A 2002 article in Nature by two Australian scientists
rang a death knell for the Y chromosome, claiming that
“The original Y chromosome contained around 1,500
genes, but during the ensuing 300 million years, all
but about 50 were inactivated or lost… . At the
present rate of decay, the Y chromosome will self-destruct
in around 10 million years.”
There’s no denying the Y has problems. While
this new research shows that there are more genes on
the chromosome than once thought, as Page points out,
the Y still has lost a lot of genes. But to expend its
energy on protecting the genes that are most important,
the ones that keep it from extinction—now that,
Page says, is clever.
“The Y has found a way to keep these genes coherent
despite a rather unstable structure,” says Robert
Waterston, now a scientist at the University of Washington
who was a lead researcher at the Genome Sequencing Center
at Washington University during these studies. “That
instability of structure could be disastrous for a particular
individual, but it won’t be disastrous for the
Y, because the deleted Ys would not be passed on.”
Still, not everyone is convinced that this justifies
a newfound respect
for the Y chromosome. The oft-targeted male chromosome
took a thrashing in a column published in early July
in the Boston Globe by David Bainbridge, a fellow of
St. Catharine’s College in Cambridge, United Kingdom,
and author of The X in Sex: How the X Chromosome Controls
our Lives.
“Page’s research appears to demonstrate
that the Y chromosome contains clear evidence of trying
to patch up its wounds by swapping bits with itself.
Of course, this is still an inefficient way of losing
damaged genes. It may hold things together in the short
run, but it’s no healthy way for a self-respecting
chromosome to carry on,” Bainbridge wrote.
Attacks such as this confound Page at times. He acknowledges
that the Y likely will always be the butt of many jokes.
Still, when the abuse is heaped on by other scientists,
it gives him pause.
“The common perception of boys and girls, of men
and women, greatly impacts biologists’ perceptions
of the X and the Y,” Page says. “The science
and the sexual politics become blurred. The idea of
the Y as a shiftless, no-good degenerate chromosome
is entirely too appealing and attractive to resist for
reasons that have little do with science and lots to
do with sexual politics.”
The road ahead
Over the last two decades, the Y chromosome has revealed
itself to be far more complicated than anyone thought.

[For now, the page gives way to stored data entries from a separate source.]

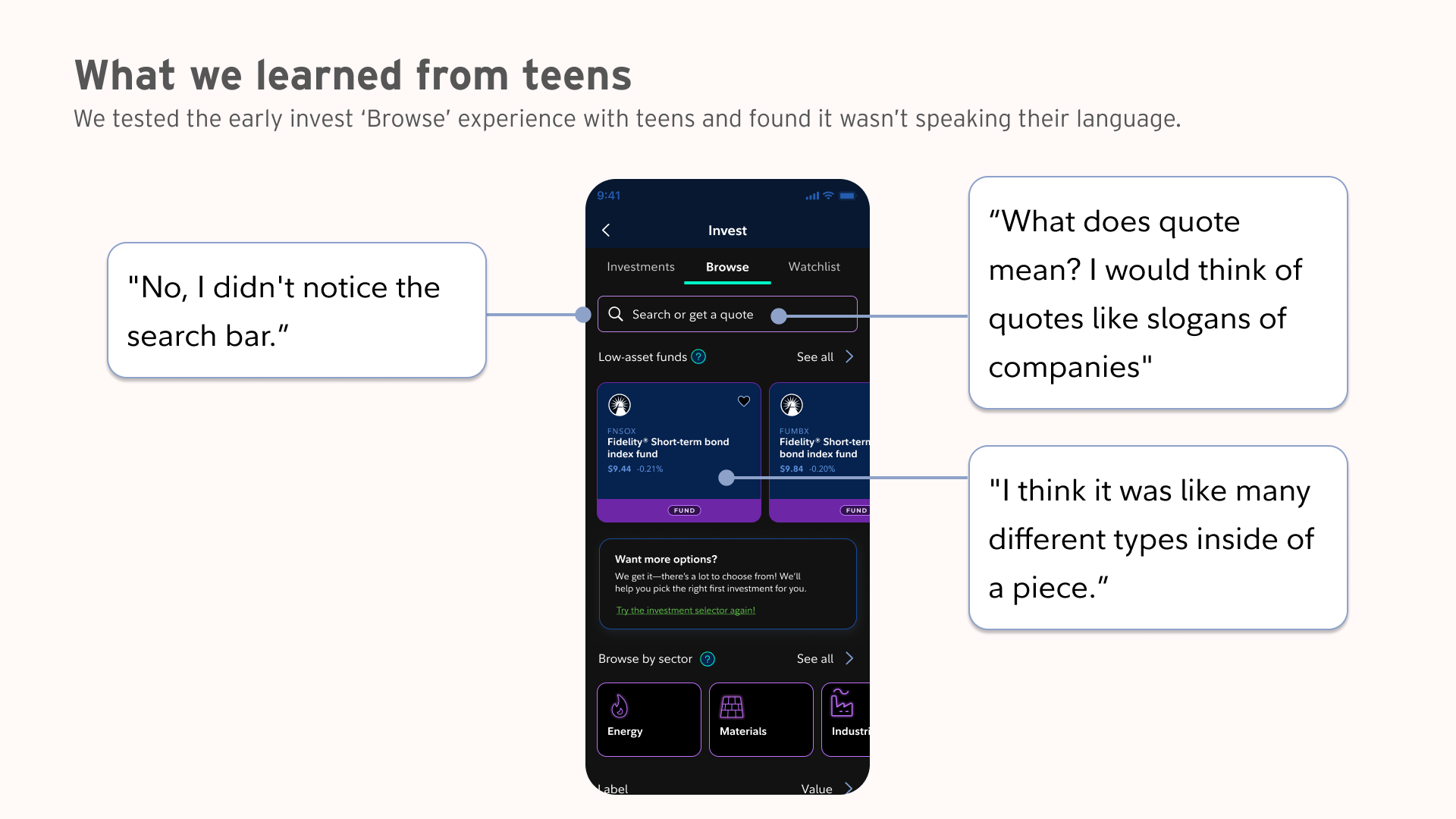Early testing revealed that traditional investment terminology was confusing for teens.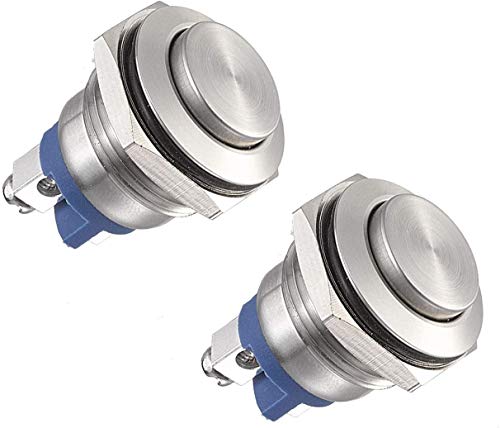 Interruttore a pressione Momentaner, 16 mm, in metallo, interruttore a pulsante a clacson, interruttore di alimentazione PC, 2 poli a vite (2 pezzi, testa alta)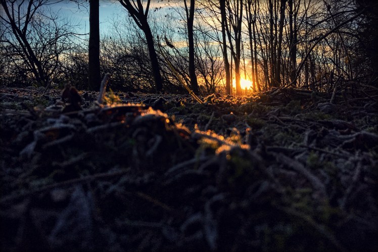 Learnings – as with yesterday’s pictures, today reconfirmed that natural light is king, and at sunrise and sunset you obviously have some incredible lighting shining on everything you see. I tried a couple of today’s shots with the main object dead centre, going against some rules of photographic composition. The first picture of the rays of light for example, with the sun in the very centre of the shot. I don’t like it as much as the second one, where the sun is off set and balanced with the glow of the leaf litter set to the left, it feels much more balanced and easy to look at. I really like that shot.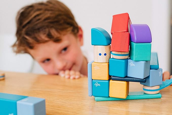 130 Piece Tegu Classroom Magnetic Wooden Block Set, Future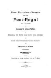 | Keywords: Julius Oetiker book.png A book title page Das Bundes-Gesetz über das Post-Regal A dissertation by Julius Oetiker University of Zurich 1894 Published in 1901 Scanned by Google Books de Das Bundes-Gesetz über das Post-Regal Vom 5 April 1894 Inaugural-Dissertation zur Erlangung der Würde eines Doctor juris utriusque vorgelegt von Julius Oetiker von Männedorf ru Титульный лист диссе тации Julius Oetiker Das Bundes-Gesetz über das Post-Regal 1894 опубликовано в 1901 Цю ихский униве ситет Отскани овано Google Books 1894 dissertation ; 1901 published http //books google com/books id gVYTAQAAIAAJ Google Books Original from the University of California Julius Oetiker PD-old University of Zurich Title pages from Switzerland Postal history Philatelic literature Scans from Google Books Doctoral theses |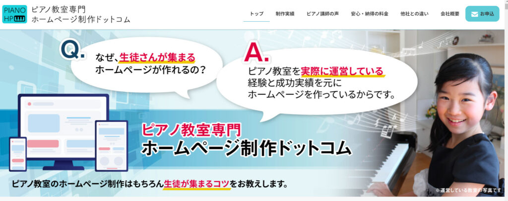 7年間で211人のスクールをゼロから作った経験、生徒数ゼロだったピアノ講師を2年半で50人以上のピアノ教室に変身させたノウハウをもとにピアノ教室向けにホームページを制作している会社です。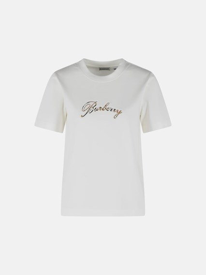 Girocollo a costine, patch logo in 'Burberry Check' applicata sul davanti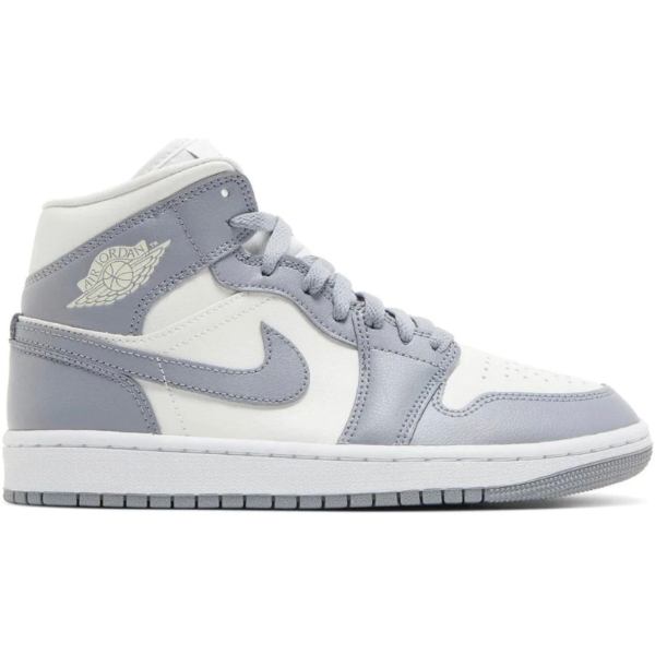 The Air Jordan 1 Low Grey Blue features a smooth white leather base with grey leather overlays on the eyelets, heel and mudguard. As with the Mid version, there is a slightly icy blue outsole. A Jordan Wings logo on the heel and a Jumpman on the tongue complete the look.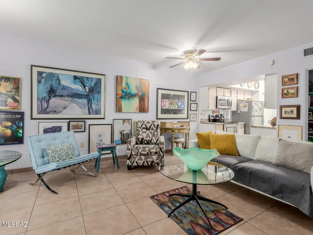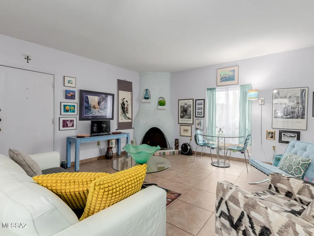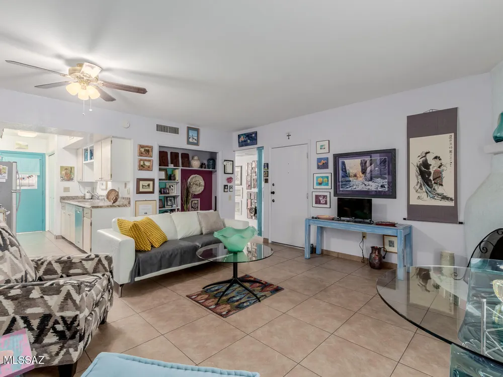 2BR/2BA townhome in a 55+ community with Santa Rita Mountain views. All-tile flooring throughout; living room with classic Kiva fireplace; efficient galley kitchen with stainless appliances, ample counter space, and built-in storage. Private main suite includes an en-suite bath, good closet space, and direct access to the covered patio. Outdoor living features a screened Arizona room plus an east-facing paver patio to enjoy the views. Recent improvements include Renewal by Andersen windows (2023), newer HVAC, and fresh exterior paint. Practical perks: carport and convenient guest parking across the street.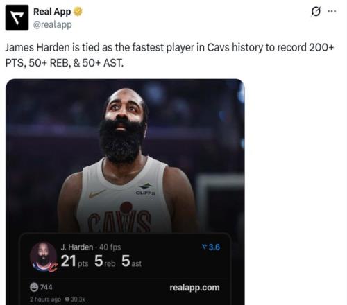 骑士队之所以轻松拿下大胜,哈登是最大元勋,一战又创立多项纪录的同时,更是迎来里程碑迈入传奇球星行列。

What many scientists overlooked for other, seemingly
sexier research topics has provided Page with a biological
challenge that is far from over.
“There are many points in the course of a line
of experiments where you choose to believe or disbelieve
something and you choose to follow it up or let it go,”

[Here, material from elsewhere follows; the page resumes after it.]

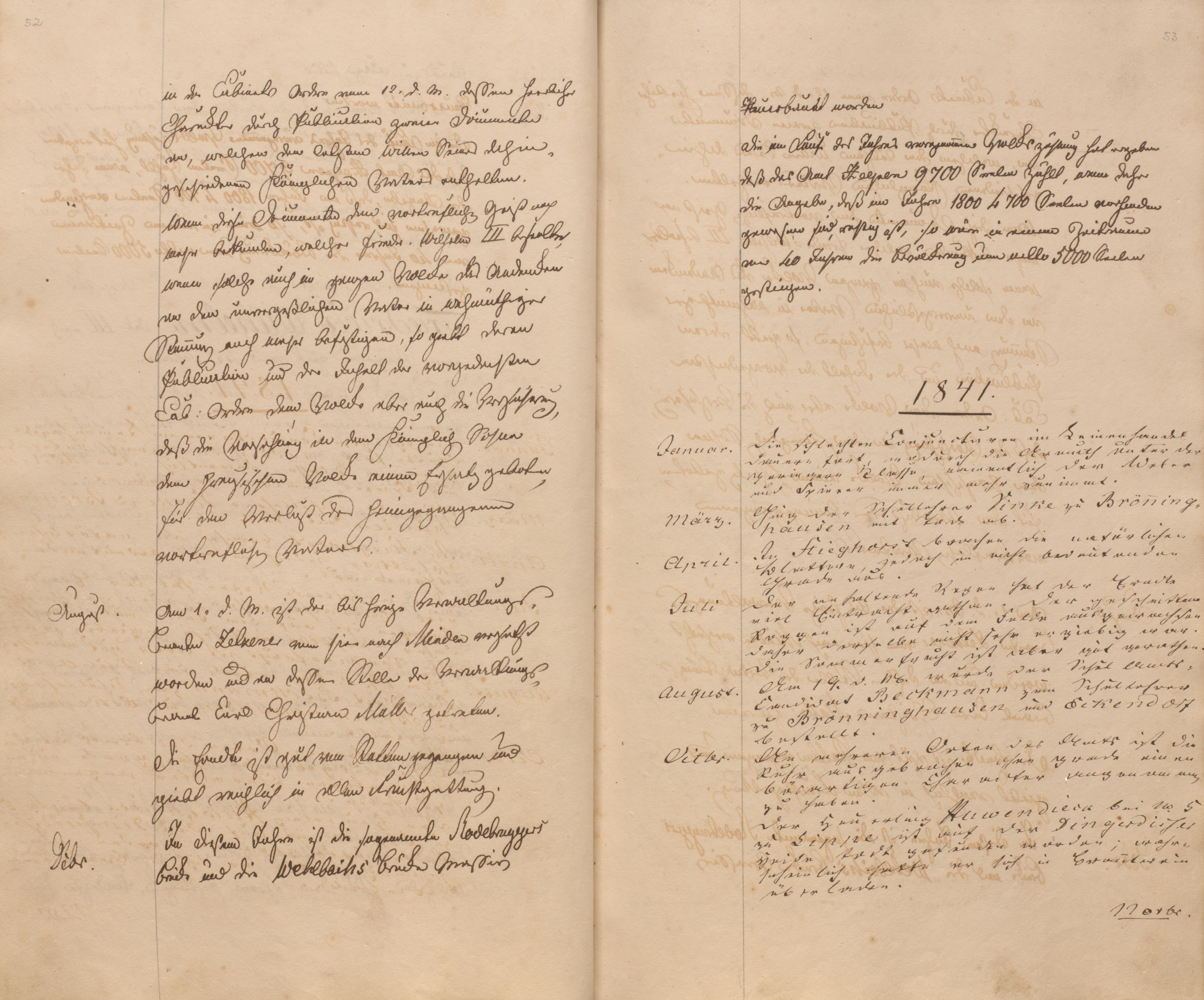 Mit Pathos hatte die Regierung zur Führung der Amtschroniken aufgerufen, nachdem die als Joch empfundene napoleonische Fremdherrschaft abgeschüttelt worden war und gerade die „Befreiungskriege“ einer Darstellung bedurften: „Ein edles und aufgeklärtes Volk wird stets darauf halten, daß es den ihm zukommenden Platz in der Geschichte behaupte, es wird deshalb die Schicksale der lebenden Generation nicht unter dem Gesichtspunkte einer vorüber eilenden Erscheinung, sondern unter dem eines bleibenden Zusammenhangs mit allen Geschlechtern künftiger Jahrhunderte betrachten, und diesen Zusammenhang, wahrhaft wie er der That nach ist, auch äußerlich in Wort und Schrift zu begründen sich angelegen seyn lassen.“ Trotz dieses inbrünstigen Appells nahmen die Beamten in Schildesche, Heepen und auch in Jöllenbeck, das damals zum Kreis Herford gehörte, die Anordnung recht ungerührt zur Kenntnis. Keiner lieferte die allgemeine Einleitung mit Statistik, wie gefordert, bis Ende Februar 1818. Erst einige Jahre und regelmäßige Mahnungen später sollten die Verwaltungschefs ihre Beobachtungen und Erfahrungen jährlich niederschreiben. Die entstandenen Chroniken sind dann allerdings ein Kaleidoskop der jeweiligen Amtsgeschichte mit Namen von Amtsträgern, Berichten zu den großen politischen Ereignissen und deren lokalen Auswirkungen, zu Unglücksfällen, Wetterereignissen, Ernteverhältnissen und Lebensmittelpreisen – freilich alles gefiltert durch die Meinung des Behördenleiters, der über Wichtigkeit und Unwichtigkeit entschied, während Tendenz und Kritik grundsätzlich unerwünscht war. „Wahrhaftigkeit, einfache Darstellung, reine Beschränkung auf die Thatsache, ohne alle Einmischung von Privat-Ansichten, und ohne allen nicht zur Sache gehörigen Wortkram, vor allen Dingen von ihnen gefordert werden. Was wirklich geschehen ist, soll die Nachwelt auf diesem Wege erfahren; nicht was dieser oder jener dabey gedacht hat“, war den Chronisten 1817 ins Stammbuch geschrieben worden.

he says. “The history of Y chromosome research
is strewn with prematurely abandoned lines of work.”
But there was something about the chromosome that demanded
Page’s attention. As the sequence of the Y was
coming together, scientists learned bits and pieces
about the chromosome. But until the map was complete,
Page says, they were fumbling along in the dark. Now,
the team will use the human Y as a reference for the
study of the Y chromosomes of other organisms.
Already under way are projects to sequence the male-determining
chromosome in the chimpanzee and the mouse. The chimp
Y should be complete in 2004 and the mouse Y the following
year.
“We’ve seen the Y in humans and we’ve
started to see little bits in the chimp and we’re
beginning to see that there’s something a little
different,” Wilson says. Filling in those missing
pieces would go a long way toward understanding how
sex chromosomes have evolved and learning why different
organisms choose the specific type of reproductive strategy
they use.
Of course, the studies of the Y’s genetic self-repair
system will continue, as will plans to identify how
genes in the testes region function, and what happens
when they don’t.
When Page began this journey, he had no idea where
it would lead. It was a chance stab at a gene clone
that marked his first brush with what would become a
lifetime study. Today, he travels a more purposeful
path in his research. Still, he says, smiling, there
is much to be said for happenstance.